Further, Wright stated, "Americans will know who to blame for spiking premiums and cost-sharing, more bureaucratic barriers to coverage and care, scaled-back benefits and closed services, if not loss of their public or private health plan. When health insurance premiums spike later this year, Americans should remember this bill as a primary reason. When people get trapped in a web of complex and confusing paperwork just to get on and stay on coverage, they should remember that those bureaucratic barriers were intentionally placed by this big, bad bill and its backers. When rural hospitals, maternity wards, nursing homes and Planned Parenthood and other clinics close, Americans should remember this bill as a leading factor. When states face budget shortfalls and make dramatic cuts to health care benefits and services next year and over the next several years, much of that blowback should be borne by those who backed this bill. When millions of Americans get pushed and priced out of both public and private health coverage, they and their families and neighbors will know to place the blame squarely at the feet of those who voted for this disastrous bill. The standard rule applies to the health system and this bill's backers, that they broke it, they bought it.”

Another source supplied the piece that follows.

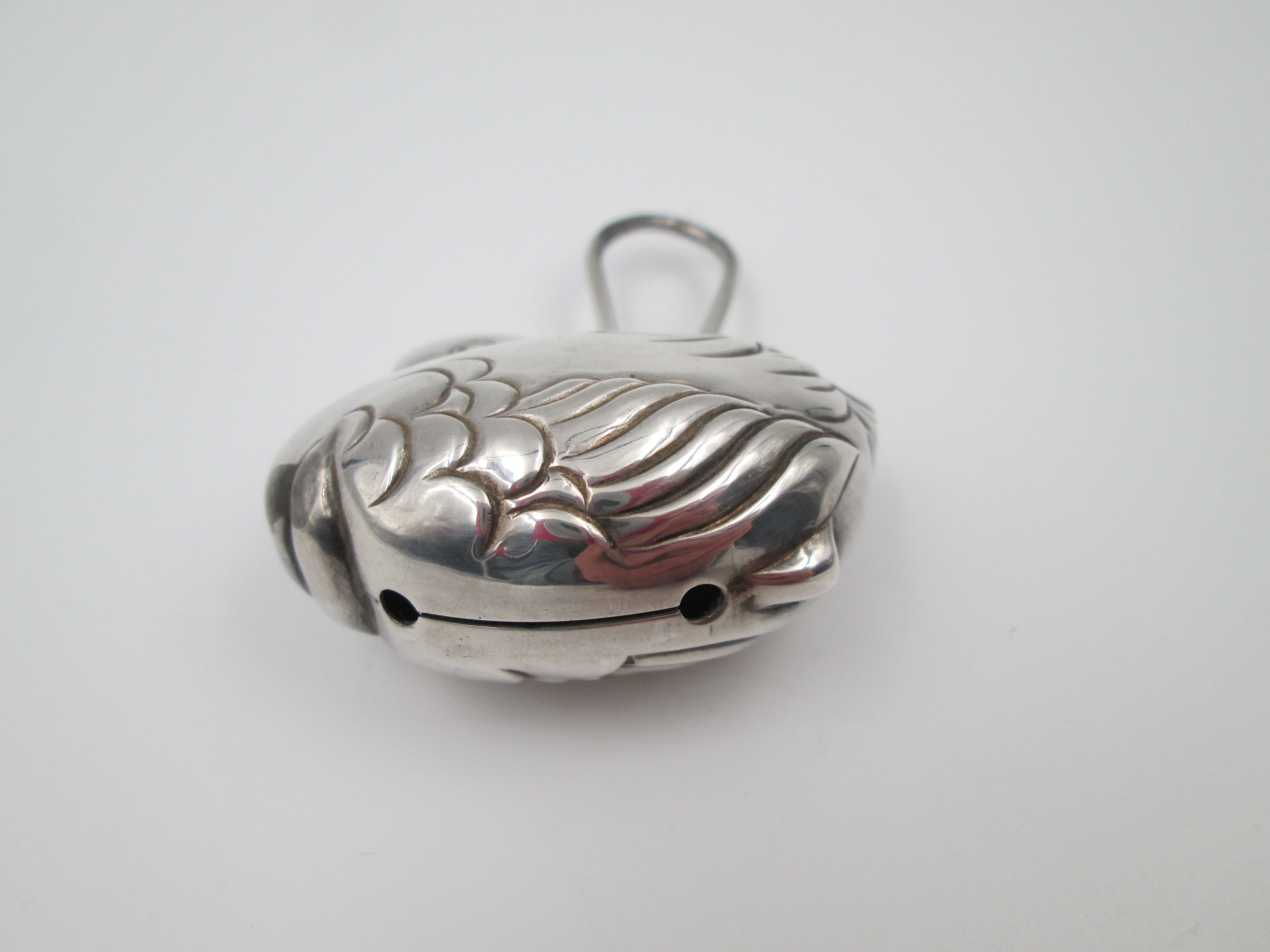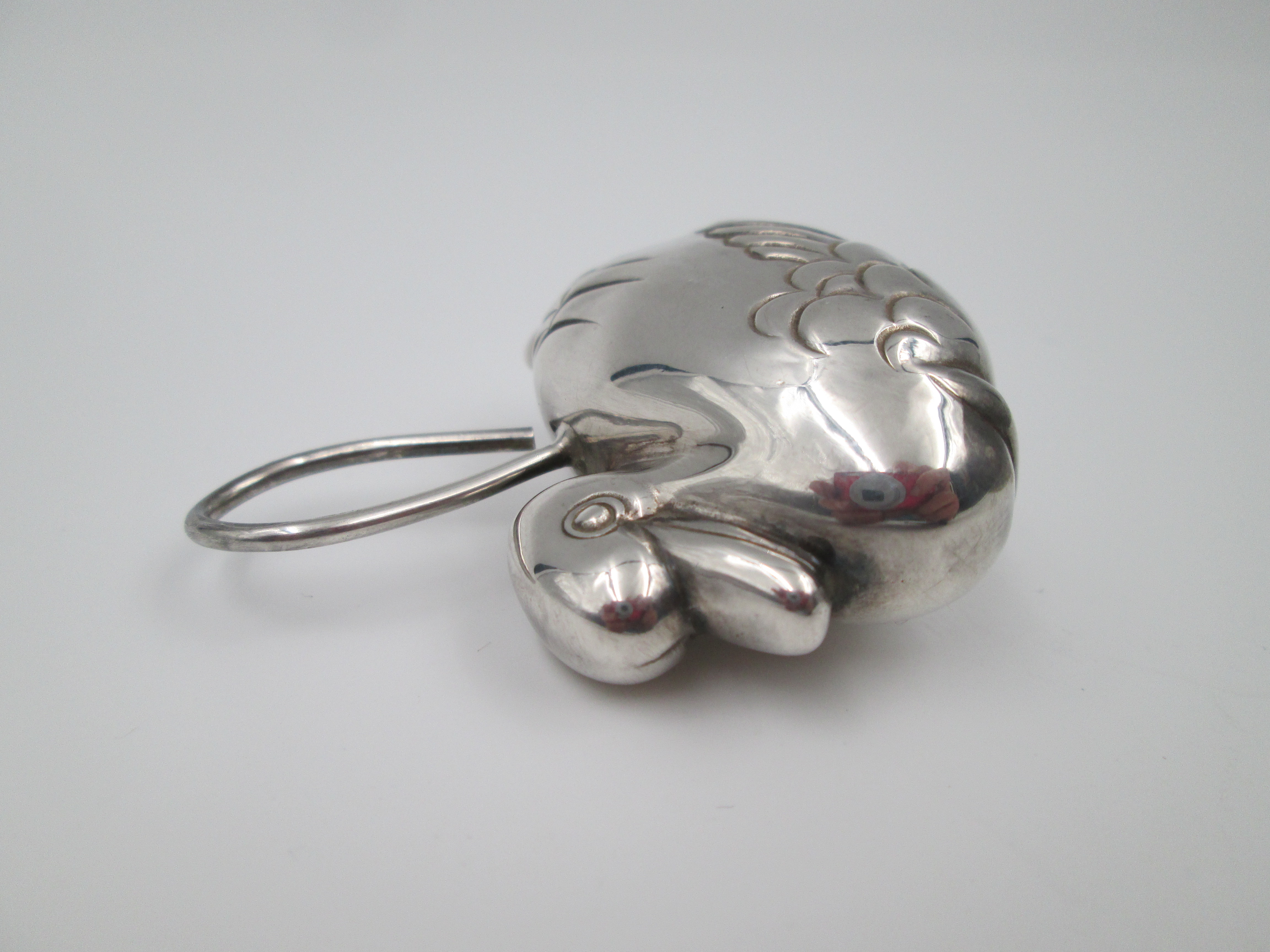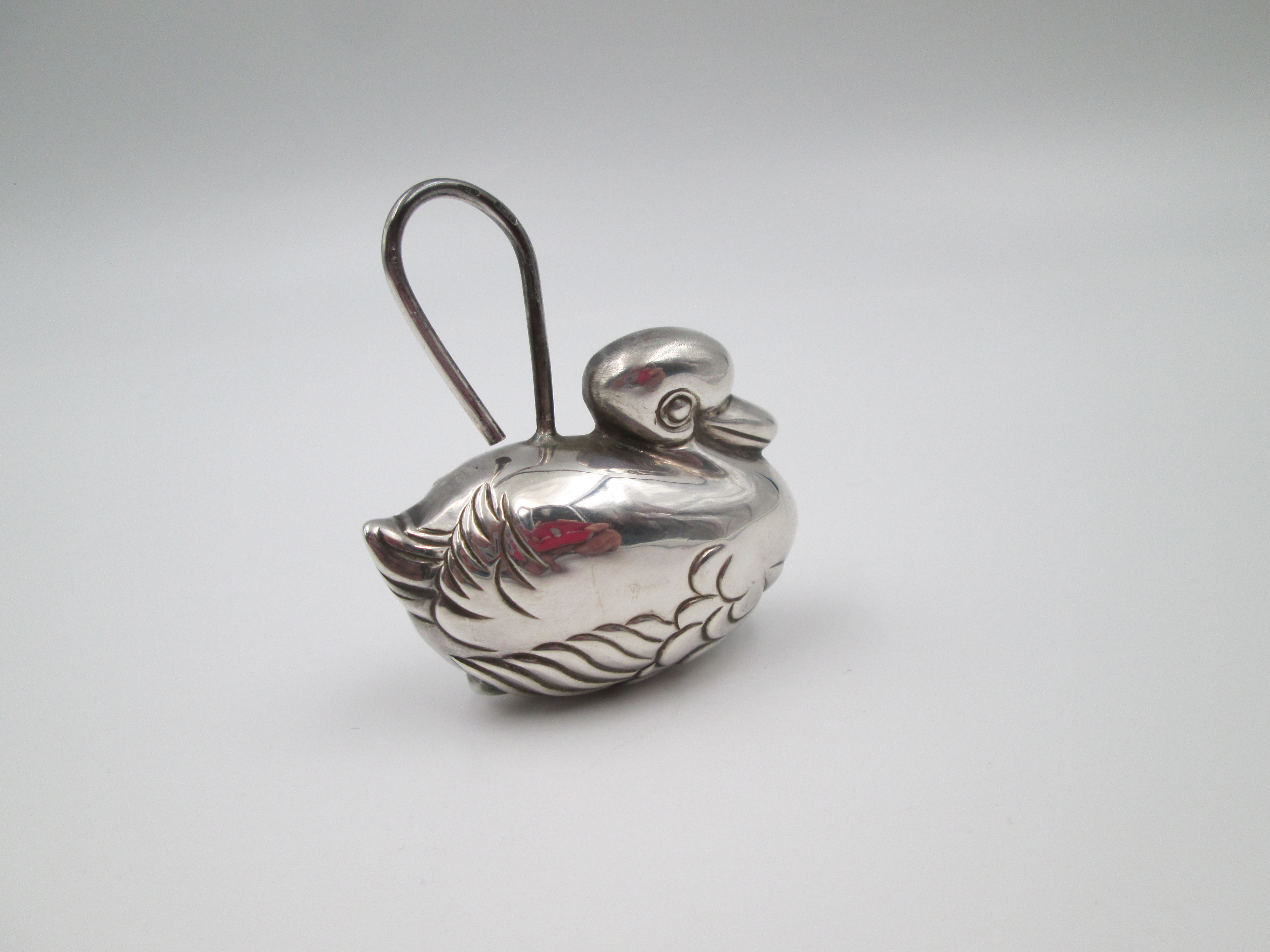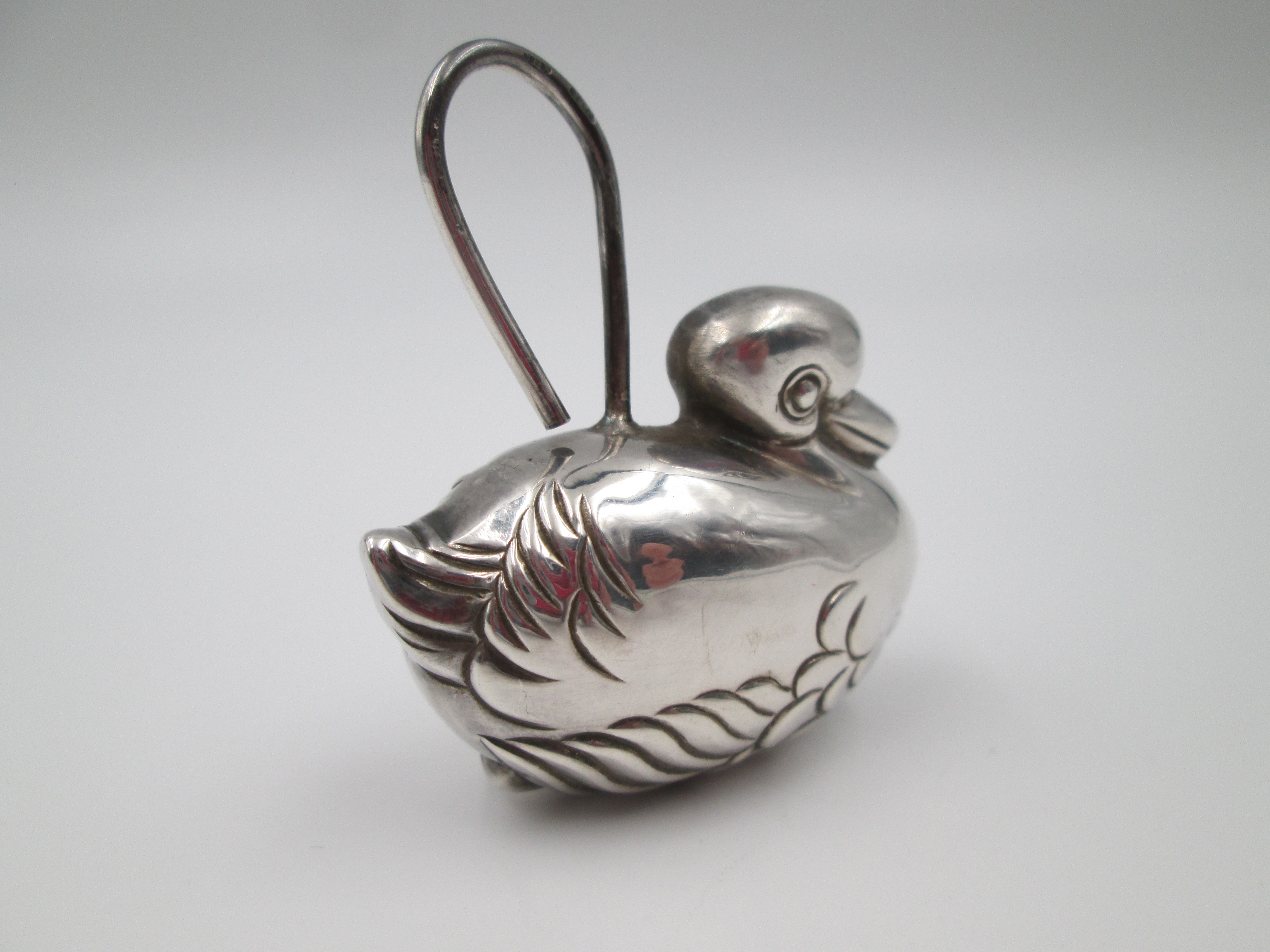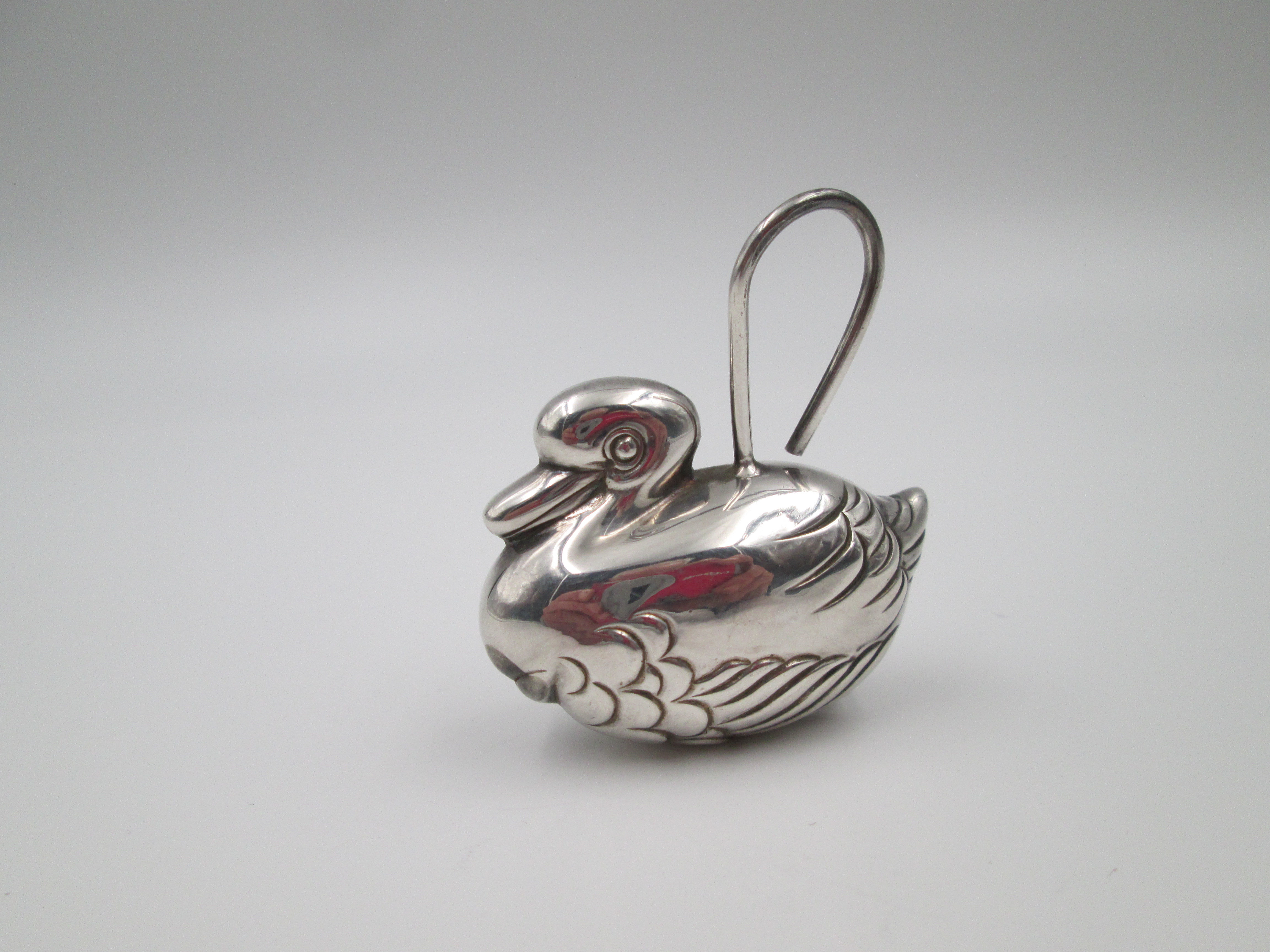 Sonajero infantil con asa. Plata de ley 925. Figura de pato nadando. Europa. 1980

Wright’s statement on Thursday echoed an analysis by leaders at Families USA that had been released the day before. Among other elements, that analysis found that “[s]ignificantly restricts state use of provider taxes, a key tool for financing the state share of Medicaid (E&C Section 44132; SF Section 71117). Would prevent states from increasing provider taxes or expanding their provider tax base to additional health care provider categories. Nursing homes and intermediate care facilities are exempt in the Senate version. By freezing the ability to generate revenue to finance Medicaid coverage even as cost pressures go up, states will ultimately be forced to cut benefits for millions of people or make major cuts in provider reimbursement rates. The Senate version adds an additional provision to change the ‘safe harbor’ threshold for Medicaid expansion states from 6 percent to 3.5 percent by 2032, further penalizing expansion states and reducing their provider taxes.” What’s more, the Families USA analysts write, “The Senate-passed version asserts that no new provider taxes can be implemented above what the safe harbor threshold was in place as of May 1, 2025. Any state that imposes new or increased taxes would result in the safe harbor limit reducing to zero. CBO [the Congressional Budget Office] estimates the House provision would cut $89.3 billion over 10 years, and the Senate version would cut $191.1 billion over 10 years.”
This is a developing story. Healthcare Innovation will bring readers updates as new developments emerge.